Equimolar Doses of the Natriuretic Peptide-A Receptor Agonists Atrial & Brain Natriuretic Peptides and Urodilatin Have Differential Renal Actions in Overt Experimental Heart Failure

Horng H Chen1*, Alessandro Cataliotti1, John A Schirger1, Fernando L Martin1, and John C Burnett, Jr.1

1 Cardiorenal Research Laboratory, Division of Cardiovascular Diseases, Department of Internal Medicine and Physiology, Mayo Clinic College Of Medicine, Rochester, MN, USA

* To whom correspondence should be addressed. E-mail: chen.horng{at}mayo.edu.
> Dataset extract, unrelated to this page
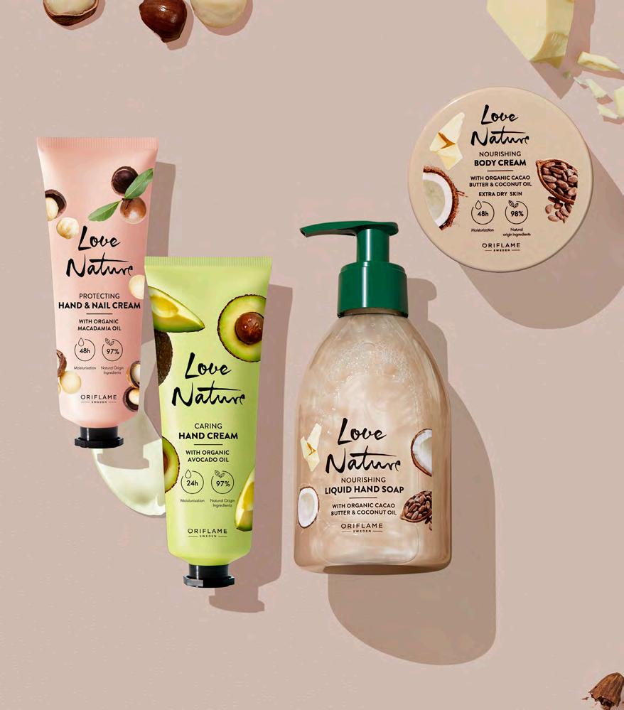 43954 43956 41264 41488 Natural Origin Ingredients 109 Подхранващ течен сапун с органични екстракти от какаово масло & кокосово масло Love Nature 300 мл 43111 11.00 лв. 6.99 лв. Подхранващ крем за тяло с органично какаово & кокосово масло Love Nature 200 мл 42991 16.00 лв. 8.99 лв. Хидратиращ крем за ръце Love Nature с органично масло от авокадо 75 мл 44280 8.00 лв. 3.49 лв. Защитен крем за ръце и нокти Love Nature с органично масло от макадамия 75 мл 41335 8.00 лв. 3.99 лв. Гъба за душ Love Nature Размери: 12 x 11 cм Материали: 100% рециклирана полиетиленова пластмаса. 45079 2.99 лв. 2.49 лв. КРЕМ ЗА ТЯЛО Богата, подходяща за изключително суха кожа формула с 98% съставки с естествен произход, която осигурява 48-часова хидратация ∆ . ТЕЧЕН САПУН ЗА РЪЦЕ ЛИМИТИРАНА КОЛЕКЦИЯ Съставки с естествен произход Лека, хидратираща формула, която поддържа кожната бариера КРЕМ С МАСЛО ОТ МАКАДАМИЯ Помага за предпазване на ръцете и ноктите от студа Създадени с даровете на природата ∆Клинично тестван КРЕМ С МАСЛО ОТ АВОКАДО С биоразградима, pH-балансирана формула, която почиства и хидратира кожата.

BACKGROUND: Recent studies have reported that renal function is an important predictor of survival in overt congestive heart failure (CHF). A hallmark of overt CHF is attenuated 3',5'-cyclic guanosine monophosphate (cGMP) production to endogenous atrial natriuretic peptide (ANP) with renal resistance to ANP. ANP and brain natriuretic peptide (BNP) are of myocardial origin while urodilatin (Uro) is thought to be derived from the kidney. Uro has been isolated from human urine with an amino acid (AA) sequence identical to ANP but with an N-terminal extension of four AA residues. All three peptides are agonists to the natriuretic peptide-A receptor. The objective of the current study was to compare the cardiorenal and humoral actions of ANP, BNP and Uro in experimental overt CHF, thus providing new insights into the biology of the natriuretic peptides in overt CHF METHODS: We determined the cardiorenal and humoral actions of 90 minutes intravenous equimolar infusion of ANP (n=6), BNP (n=5) and Uro (n=6) (2 and 10 pmol/kg/min) in 3 separate groups of anesthetized dogs with rapid ventricular pacing induced overt CHF (240 bpm for 10 days). RESULTS: BNP resulted in increases in urinary sodium excretion (UNaV) (2.2±0.7 to 164±76 µEq/min, p<0.05) and glomerular filtration rate (GFR) (27±4 to 52±11 ml/min, p<0.05) which were greater as compared to Uro (p<0.05 BNP vs Uro), while ANP did not result in increases in either UNaV or GFR. The increases in plasma cGMP (25±2 to 38±2 pmol/ml, p<0.05) and urinary cGMP excretion with BNP (1618±151 to 6124±995 pmol/min, p<0.05) were similar to Uro, however there was no change with ANP. Cardiac filling pressures were reduced in all three groups. CONCLUSION: In this model of experimental overt CHF, ANP, BNP and Uro, agonists of the natriuretic peptide-A receptor, have differential renal properties. These studies also support the conclusion that in experimental overt CHF, renal resistance to natriuretic peptides in increasing rank order is BNP< Uro< ANP.